Além do mais, a guerra da Ucrânia parece ter unido o Ocidente. Na verdade, a União Europeia respondeu de forma assertiva e firme, tendo, pela primeira vez, enviado armamento em apoio à Ucrânia. Na mesma senda, os Estados Unidos proporcionaram milhões de dólares em ajuda e equipamento militar à Ucrânia. Ademais, as sucessivas sanções mostram a unidade dos países ocidentais neste tema. Porém, vamos ter que esperar para ver se, em algum momento, os europeus vão escolher o conforto ao invés da solidariedade com os ucranianos.


No que toca a avanços no terreno, nos dias iniciais da invasão, o exército russo tomou de assalto a região de Kherson. Seguidamente, as tropas russas lançaram cerco a Kyiv, dando mote a um dos momentos mais célebres do conflito quando o Presidente da República ucraniano, Volodymyr Zelensky, recusou a oferta dos Estados Unidos para fugir do país, proferindo a frase que ficou mundialmente conhecida “Eu preciso de munições, não de uma boleia”. O que é certo é que afrontados com uma forte resistência ucraniana, as forças ocupantes acabaram por se retirar, concentrando os seus esforços na região do Donbass. Um dos pontos fulcrais, na visão russa, é a cidade de Mariupol. A urbanização portuária é de extrema importância para as ambições russas, uma vez que o controlo da mesma proporciona ligação territorial entre a Crimeia e as zonas separatistas do Donbass. Munidos de uma impressionante força bélica, em meados de junho, a Rússia controlava cerca de 20% do território ucrâniano. No entanto, no início de setembro, Kyiv surpreendeu e arrojou um ataque surpresa na região de Kharkiv, recuperando a mesma. Seguidamente, a 9 de novembro, Moscovo ordenou às suas tropas que se retirassem de Kherson.
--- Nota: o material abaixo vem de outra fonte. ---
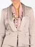 Элегантный костюм, состоящий из брюк и жакета, подчеркнет Ваш стиль. Жакет с отложным воротником с лацканами. Лацканы со вставками натурального шелка в тон. Застегивается на две кнопки. Брюки классического кроя. Два передних втачных кармана. Отрезной пояс со шлевками. Застежка на молнию и кнопку.
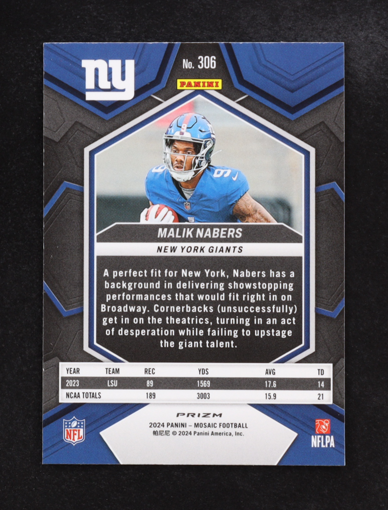 Malik Nabers 2024 Mosaic Camo Pink #306 RC

O inverno está à porta e os russos vão certamente utilizar o frio que se faz sentir em terras ucranianas para fazer sofrer a sociedade civil e pressionar os dirigentes ucranianos. De facto, nos últimos tempos a Rússia adotou a estratégia de bombardear os postos de energia, de forma a que estes não se encontrem operacionais. Neste momento, milhões de ucranianos não têm luz ou água. A nível militar, o inverno poderá servir para os dois lados se reequiparem.

@CNNPORTUGAL

Por outro lado, a vendeta russa não se fica pela Ucrânia. Na verdade, a força ocupante impôs um bloqueio marítimo, o que impossibilitou a Ucrânia de exportar milhões de toneladas de cereais. Apenas com a intervenção da ONU, em meados de julho, com mediação da Turquia, é que foi possível reatar as exportações. Além disso, o regime de Putin faz uso da dependência que a Europa Ocidental tem do gás russo. De facto, em retaliação às sanções impostas pelo ocidente, as exportações do gás provenientes da Rússia tornaram-se mais inconstantes, o que levou à subida dos preços. Os gasodutos Nord Stream 1 e 2 foram danificados por explosões, levando os países europeus a acusar o regime russo de sabotagem.


Neste momento parece impossível prever o desfecho do conflito; contudo, uma coisa parece certa: Putin esperava uma resistência mais ténue. Na verdade, um dos sinais que nos levam a querer que a Rússia esteja débil é a mobilização parcial que o Presidente da Rússia decretou a 21 de setembro. Em face das perdas de terreno, o líder russo viu-se forçado a mobilizar cerca de 300 mil reservistas. Por outro lado, a ameaça de um conflito nuclear paira no ar. A central nuclear de Zaporija, a maior da Europa, está no centro das hostilidades. O ocupante e o ocupado imputam os bombardeamentos à contraparte. A tensão vivida na central nuclear já levou a ONU a enviar uma equipa de especialistas para inspecionar as instalações.


A guerra segue, as vidas perdem-se, as mães russas esperam pelos filhos que não regressarão, muitos fugiram e quando voltarem encontrarão ruínas. “A guerra é um lugar onde jovens que não se conhecem e não se odeiam se matam entre si, por decisão de velhos que se conhecem e se odeiam, mas não se matam.” (ERICH HARTMAN).